Pasear, sentarse en una terraza, ir al cine. Va uno quemando el verano como puede, hasta que comience el tiempo de la evasión y entonces sí, entonces viajaremos por ahí. Pasear, como siempre, por Huertas y el entorno de Sol. Tropezarse, a cada paso, con gente rara, tipos tan escalofriantemente extraños que parecen surgidos de una pesadilla, de un circo de variedades. Melenas foscas y horribles, miopías brutales, bigotes imposibles, indumentarias a las que sólo haríamos un hueco en la hoguera. Los transeúntes se detienen en las esquinas, asombrados. Uno mira hacia donde miran y ve que sólo se paran a mirar a las estatuas humanas: una chica vestida de novia, un hombre disfrazado de Don Quijote, cosas así. Cruzar a la otra acera y, al hacerlo, observar a un joven con maneras de Correcaminos, con tres policías tras él, pisándole los talones, a la manera de “Reservoir Dogs” cuando ya han atracado el banco y vemos a Steve Buscemi (Señor Rosa) quemar suelas por la calle. La escena se parece, pero nadie ha desenfundado la pistola ni hay tiros, lo cual agradecemos mucho. Ya sé que uno podría entorpecer la fuga del tipo, ponerle la zancadilla y ayudar a la policía. Pero uno no se quiere meter en líos y, además, ¿quién dice que el perseguido es culpable? Los fugitivos no siempre son culpables. Tendrán sus razones para huir.
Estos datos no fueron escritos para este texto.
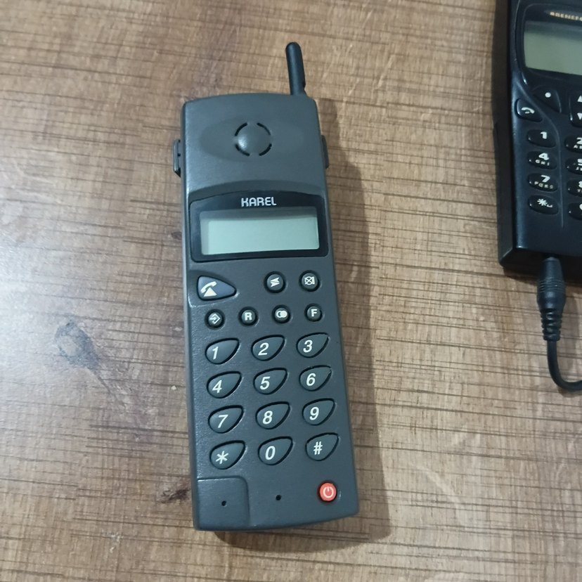 Karel markalı gri-bej renk eski telefon, sayısal tuş takımı ve küçük ekran ile birlikte antenli basit tasarıma sahiptir.

Sentarse en una terraza a pasar las horas. Los camareros hindúes son eficaces en el trato: están atentos para ofrecerte una mesa, si falta una silla se encargan de sacársela de la manga para que todo el mundo pueda sentarse, y, aunque a veces no entienden un carajo, siempre sonríen, que es algo que alegra la tarde. Vayas donde vayas, mires donde mires, sólo ves gente comiendo: comiendo en las barras de los bares, en las terrazas, en los cines, en los parques, en las plazas. A menudo la calle es una procesión de personas moviendo el bigote. Da igual la hora: cinco de la tarde, siete, ocho, diez, doce o una. En España cada cual va a su ritmo, come cuando se le antoja.
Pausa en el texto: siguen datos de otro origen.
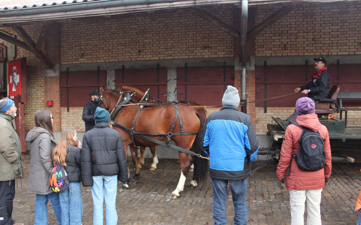 Eine besondere Herausforderung stelle die Ausbildung der Pferde im Fahren dar. Laut Vorschriften dürfen keine Scheuklappen verwendet werden, wodurch die Pferde auf eine ungewohnte Situation treffen.

Ir al cine, pero no acertar con la película. Ir a ver la última de Harry Potter y aburrirse como una soberana ostra: y sé que por esto aumentará el número de mis enemigos, pero antes dejen que me explique. Me gusta ir a ver las de Harry Potter por dos razones poderosas: de algún modo me hacen revivir la infancia, aunque mis héroes combatían en un escenario de cartón piedra; y salen los mejores actores británicos, porque por aquí han desfilado Ralph Fiennes, Richard Harris, Michael Gambon, Emma Thompson, Brendan Gleeson, Gary Oldman, Julie Christie, Kenneth Branagh, Jason Isaacs, Alan Rickman, Helena Bonham Carter, David Thewlis, Maggie Smith, Miranda Richardson, Fiona Shaw y John Hurt. Casi nada, oiga. El problema de Potter, y espero que mis primas pequeñas me perdonen, es similar al de la saga de James Bond: si el director es bueno, sales encantado del cine aunque el filme se te olvide diez minutos después; si el director es malo, te hace una patata que no salva el reparto ni los efectos especiales. Pensemos en la saga del mago. Las dos primeras las dirigió Chris Columbus, quizá el tío más pasteloso de la historia, especialista en merengue familiar, pero que estuvo a la altura: las dos son entretenidas. La tercera y la cuarta son de Alfonso Cuarón y Mike Newell, respectivamente: dos grandes directores que han logrado las mejores secuelas de la saga. La de Newell es fantástica. Pero en la última han dejado el timón en manos de David Yates, que viene de la tele y aporta dos horas y media de bostezos, poca acción y apenas aventura. Y, si se fijan bien, en esta entrega los niños ya se afeitan: en el cuello les despuntan los cañones de la barba.